Homework 12 Solved

22C:122/55:132, Spring 2001

Douglas W. Jones

Problem A: What is the difference in switching delay between CPU and M for these two approaches?
With a simple crossbar switch, each memory reference is routed through one switch on the way to memory. With alternative arrangement, each memory reference is routed through 2 switches.

Problem B: How do these two approaches scale? Address both switching delay and number of components in your answer, as a function of N, the number of CPUs (equal to the number of Memory modules).
If we use 2x2 switches as our fundamental unit, we require (N/2)² of these to build a simple crossbar switch to connect N processors, and the switching delay will be a constant independent of N (until the wire length comes into play). If we use the multilevel scheme, we will need (N/2)log₂(N) such switching units, and the switching delay will be log₂(N) times the delay of a simple crossbar switch.

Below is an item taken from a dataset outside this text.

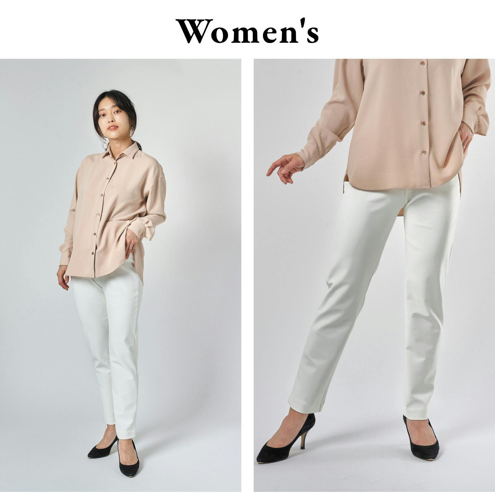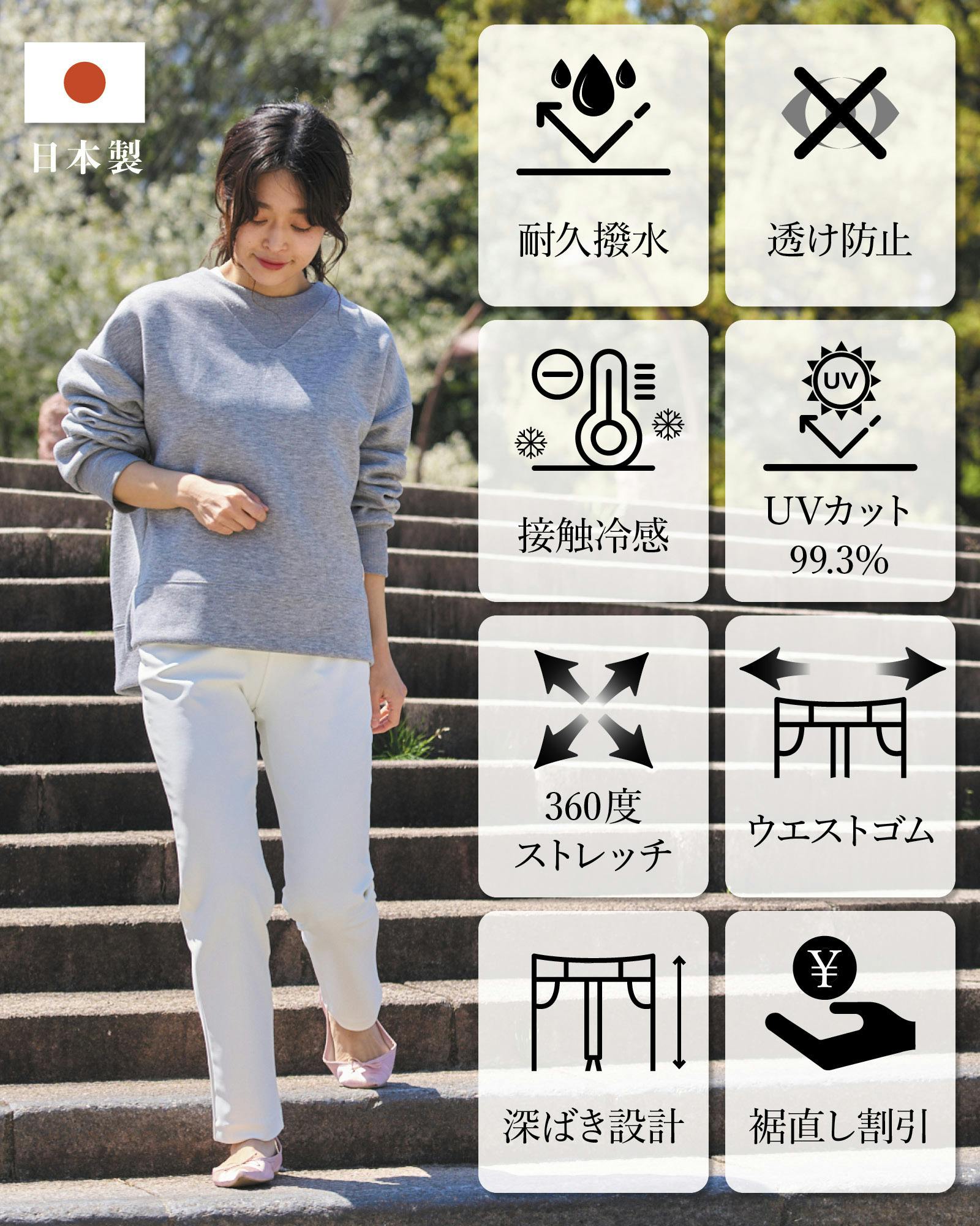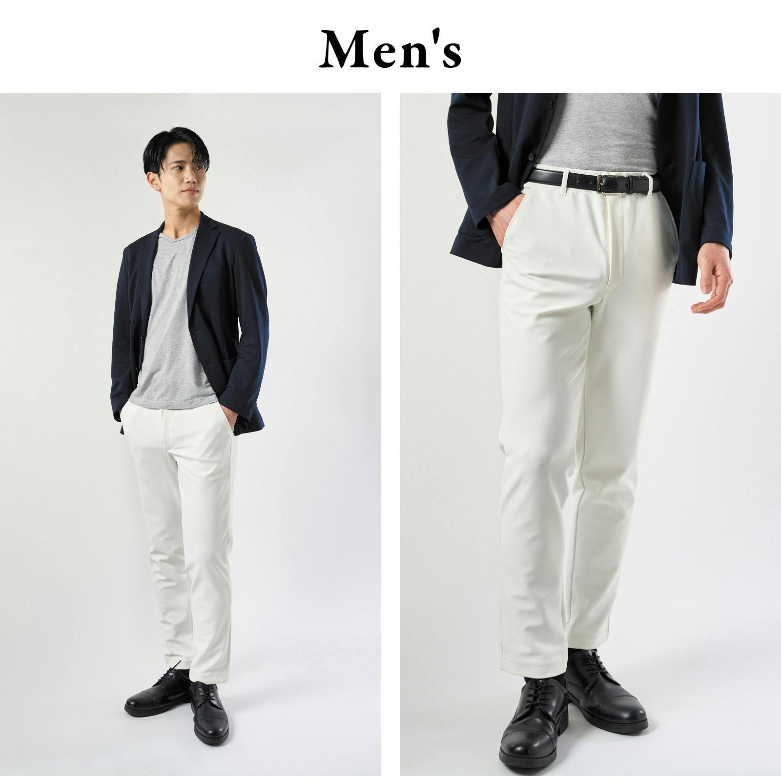 ホワイトパンツはさらっとした触り心地に加えて、「冷感指数(Q-max値)0.349J/㎠・sec」を誇る接触冷感と、遮熱性のある特殊繊維生地で、ひんやり爽やかな履き心地を実現。

Problem C: Both systems require that there be some specialization in each crossbar swtich to customize it for its setting in the interconnection system. Clearly identify the aspects of this specialization that differ in the two interconnection schemes!
Each crossbar intersection (independent of the dimensions of the switching module) must make a connection when the address from the CPU references its outgoing bus. In a 2ⁿx2ⁿ crossbar, this depends on the least significant n bits of the address. In a hierarchical switching network of 2x2 crossbars, each intersection checks only one bit of the address.
Therefore, in general, we must be able to program each crossbar switch intersection with a mask that indicates which address bits it is to check, and with a pattern it checks for equality to, under this mask. All the switches in a 2x2 crossbar switch module will use the same mask, and all the switches in each column of the 2x2 module will compare with the same pattern, so we must be able to customize 3 "words" in each module.
A Problem: The logic diagram in section 2 of Lecture 36 for a simple set associative associative memory includes no provisions to determine whether an entry in the memory is valid or invalid. The final paragraph of the notes for lecture 35 assert that we must have some way to invalidate all entries in a cache. Describe how this can be done (it is up to you to determine how best to describe this!)
We need a valid bit attached to each entry in the cache. If we use static ram, where each bit is stored in a flipflop, logically formed of two nand (or two nor) gates. To invalidate all cache entries, we add an extra input to this flipflop connected to the invalidate line. Here is a reasonable design for one line of this RAM chip:
```
	          _          _
	         DD          R
	Word     ||          |                  |
	Select --||o---------|------------------|--
	(from    |||         |                  |
	address  |||   ___   |    ___           |
	decoder) ||o--|   |  o---|   |          |
	         |||  |AND|0-|---|AND|O-        |
	         |o|--|___|  | --|___|  |       |
	         |||   ___   ||   ___   |       |
	         || --|   |  ||  |   |  |   |\  |
	         ||   |AND|0-||--|AND|O-|-o-| >-o
	         o|---|___|  || -|___|  | | |/  |
	         ||          |||        | |     |
	         ||          || --------  |     |
	         ||          | -----------      |
	         ||          |                  |
	                                        Q 
```
The above one-bit cell of a static RAM has only one feature added, the Reset input to the upper right nand gate.
A Problem: Given a system with 4 CPUs, 4 memories and a crossbar switch, there are two natural places to add cache memories to the system in order to improve its performance. These are indicated in the following figure:
```
      ?   |_|   |_|  
CPU --c--|   |-|   |-
CPU --a--|___|-|___|-
      c   |_|   |_|  
CPU --h--|   |-|   |-
CPU --e--|___|-|___|-
      ?   | |   | |
         ???cache???
          | |   | |  
          M M   M M
```
In either case, we add 4 caches; in one case, one per CPU, and in the other case, one per memory. Contrast these! What problems does each pose for the cache designer, and what are the potential benefits of each approach.
If the cache is put between CPU and the crossbar switch, it reduces contention in the switch, but it makes it extremely difficult to solve the cache coherency problem. If the cache is put between the crossbar switch and memory, it does nothing to help with contention, but it poses no cache coherency problem.